Antara lain, oknum Kades tersebut harus dihukum dengan seberat-beratnya agar menjadi pelajaran berharga oleh para pihak. Selain itu, Unit PPA Sat Reskrim Polres Bima Kota dibawah Kendali Kasat Reskrim setempat yakni Iptu Muhammad Reyendra Rizqiila Abadi Putra, S.T.K, S.IK pun telah membuktikan hasil kerja terbaiknya.

Yakni melakukan serangkaian penyelidikan secara akurat dan mendalam hingga menetapkan One sebagai tersangka dan kemudian ditahan secra resmi di dalam sel tahanan Polres Bima Kota. Seiring dengan perjalanan waktu, pihak Kejaksaan Negeri (Kejari) Bima pun telah menyatakan bahwa unsur tindak pidana keterlibatan One dalam kasus ini telah terpenuhi. Dan selanjutnya pihak Kejari Bima menyatakan P-21 terkait perkara dimaksud.

Rangkaian liputan Media Online www.visionerbima.com melaporkan, kasus tersebut sudah berkali-kali disidangkan oleh Majelis Hakim Pengadilan Negeri (PN) Raba-Bima. Beberapa hari lalu, kasus ini memasuki sidang pembacaan tuntutan oleh Jaksa Penuntut Umum (JPU) Kejari Bima.

Pada moment persidangan pembacaan tuntutan oleh JPU terkait kasus itu, JPU menuntut One 7 tahun penjara. 7 tahun penjara yang dibacakan oleh JPU tersebut, dijelaskan telah sesuai dengan pertimbangan sekaligus ketentuan hukum yang berlaku. Namun demikian, pihak keluarga menegaskan bahwa tuntutan tersebut terlalu rendah. Dan atas penilaian rendah soal tuntutan tersebut, keluarga korban menyatakan akan menggelar aksi demonstrasi di saat sidang pembacaan terkait kasus itu.

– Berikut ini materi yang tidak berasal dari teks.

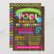 Piscina aniversário de convite, cor-de-rosa quente, roxo, lacrimejo, amarelo e limão, com um fundo de madeira falso adequado para qualquer idade. Adicione seu próprio texto ao modelo, para mais personalização (cor da fonte, estilo da fonte, plano de fundo), clique em personalizar, role para baixo e clique no link "clique para personalizar ainda mais":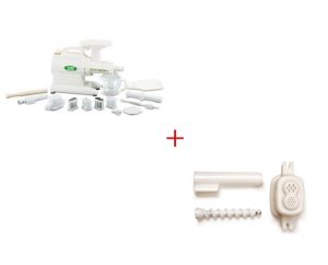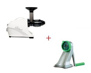 Cette offre inclus l'extracteur de Omega 8224/8226 et l'accessoire moulin à huile. Cette offre vous permettra de réaliser toutes les préparations que fait l'extracteur de jus Omega 8224/8226 mais aussi de l'huile d'olive ou de graines (tournesol, sésame, ...).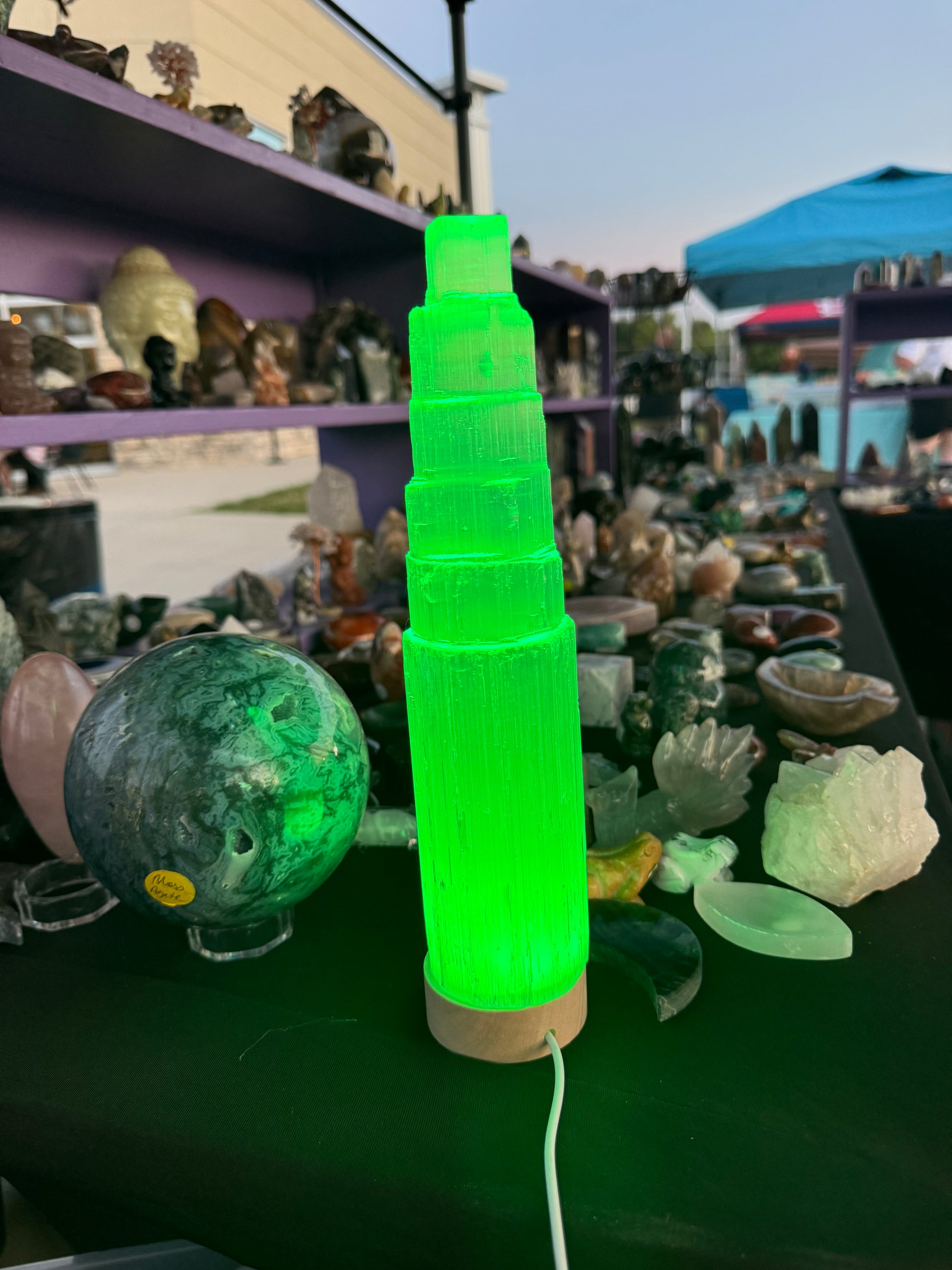 Selenite-clearing mental and emotional tension, strengthening and purifying the physical body, and healing those needing TLC. With a Color changing LED Light Stand.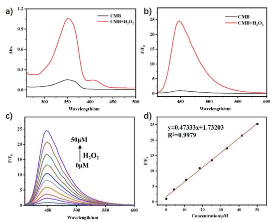 (a) UV-vis absorption and (b) fluorescence emission spectra of CMB before and after addition of H2O2. (c) Fluorescence responses of CMB (2 μM) to various concentrations of H2O2. (d) The linear correlation between the fluorescence intensity at 450 nm and H2O2 concentration.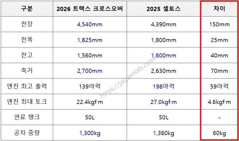 2026 트랙스 크로스오버 1.2 가솔린 터보 vs 2025 셀토스 1.6 가솔린 터보 기본 사양(깡통) 가격, 파워트레인, 제원, 연비, 기본 품목 비교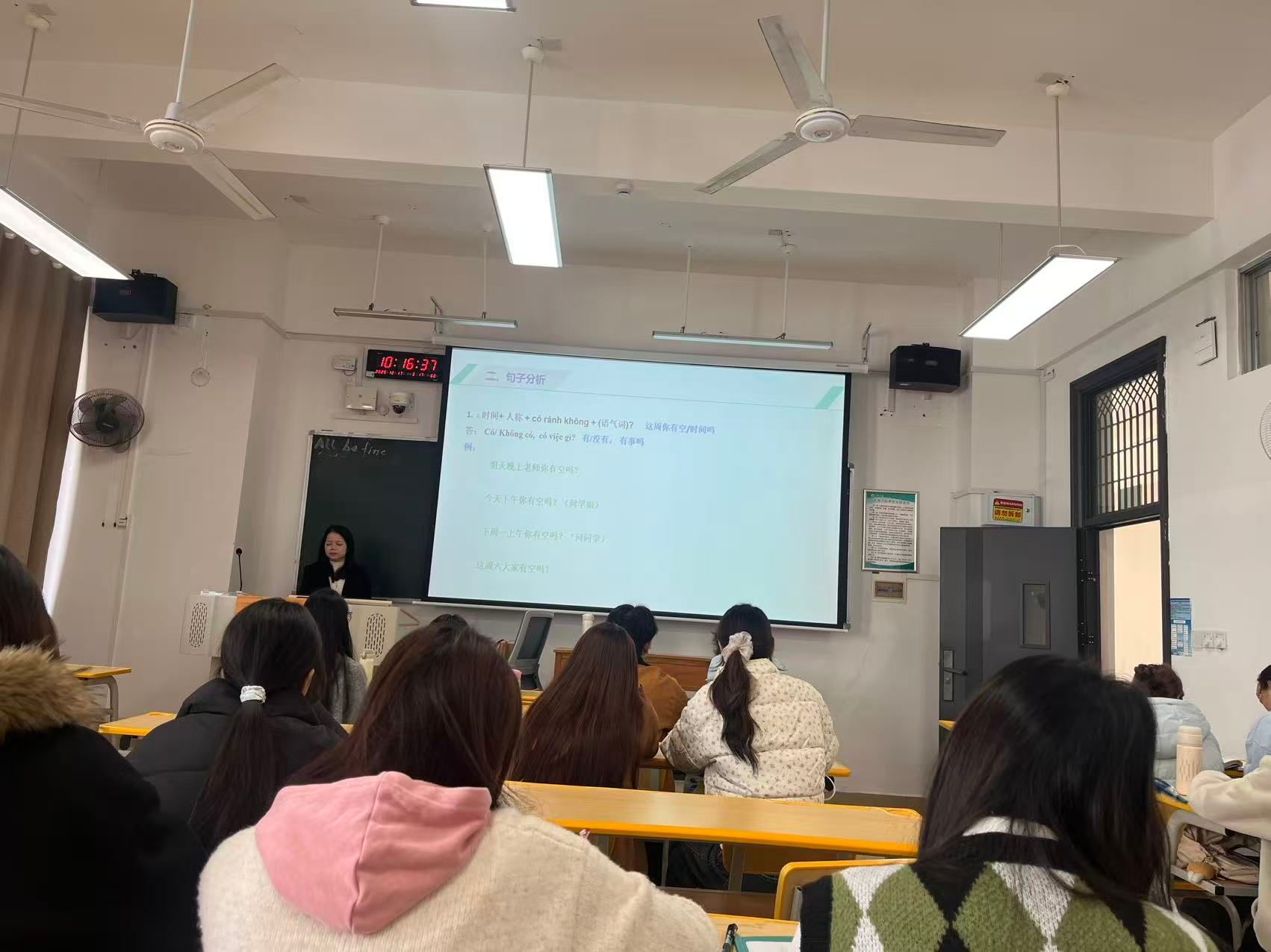 活动中,教师们观摩了以实际应用为导向的越南语口语教学,授课教师通过情境模拟、互动练习等方式引导学生提升口语表达能力,课堂氛围活跃,充分体现了语言应用与实践结合的教学理念。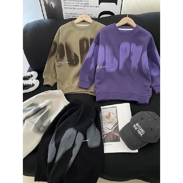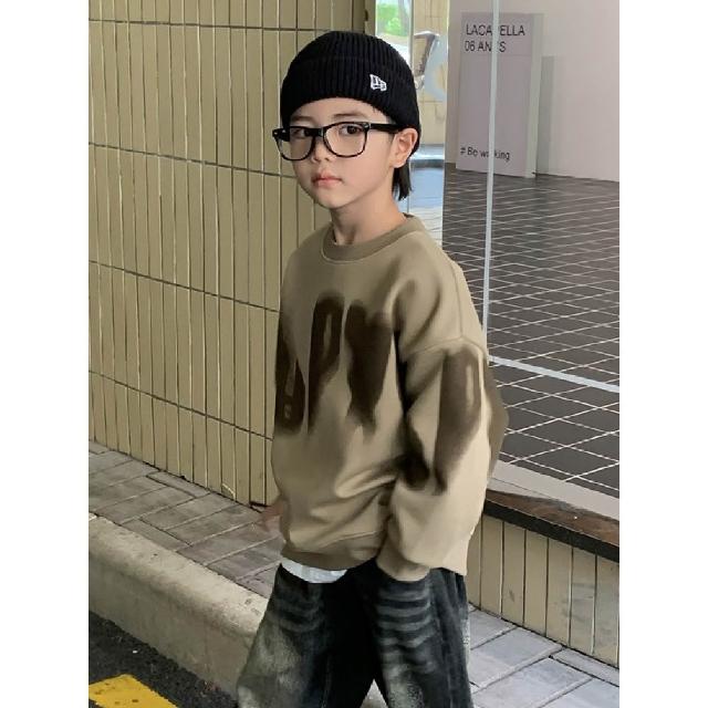 i揪團 男中大童英文印花上衣 男中大童長袖上衣 男童長袖上衣 男童長袖t恤 男童上衣 男童衛衣 兒童長袖上衣 兒童大學T 寬鬆 潮流(K170)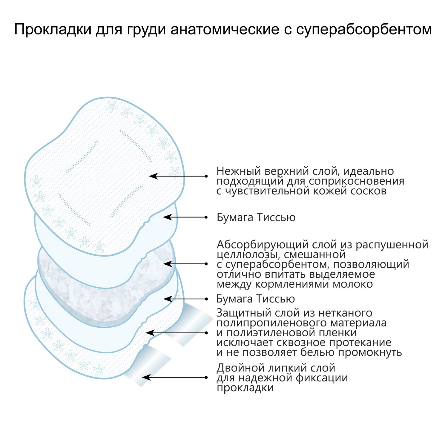 Прокладки-вкладыши лактационные с суперабсорбентом , анатомической формы "Belle Epoque" - 60 шт.

Terkait penilaian rendahnya tuntutan tersebut, Ketua LPA Kabupaten Bima melalui Sekjendnya, Safrin dan pihak Peksos Anak Kabupaten Bima, Abdurrahman Hidayat menanggapinya secara tegas. Safrin menegaskan bahwa tuntutan itu telah menciderai hak, perasaan dan rasa keadilan bagi korban dan keluarganya. Dan rendahnya tuntutan tersebut ditegaskannya tidak berbanding lurus dengan tanggungjawab Jaksa yang juga bertindak sebagai Pengacara Anak.

“Itu sangat keji tidak logis bahkan di luar nalar. Dan tuntutan itu tidak sesuai dengan ketentuan yang telah dituangkan dan diberlakukan dalam UU Perlindungan Anak. Dan tuntutan tersebut tidak sesuai dengan fakta-fakta yang tertuang di dalam Berita Acara Pemeriksaan (BAP) yang telah diakui oleh para pihak,” tegas Safrin kepada Media ini, Kamis (15/9/2022).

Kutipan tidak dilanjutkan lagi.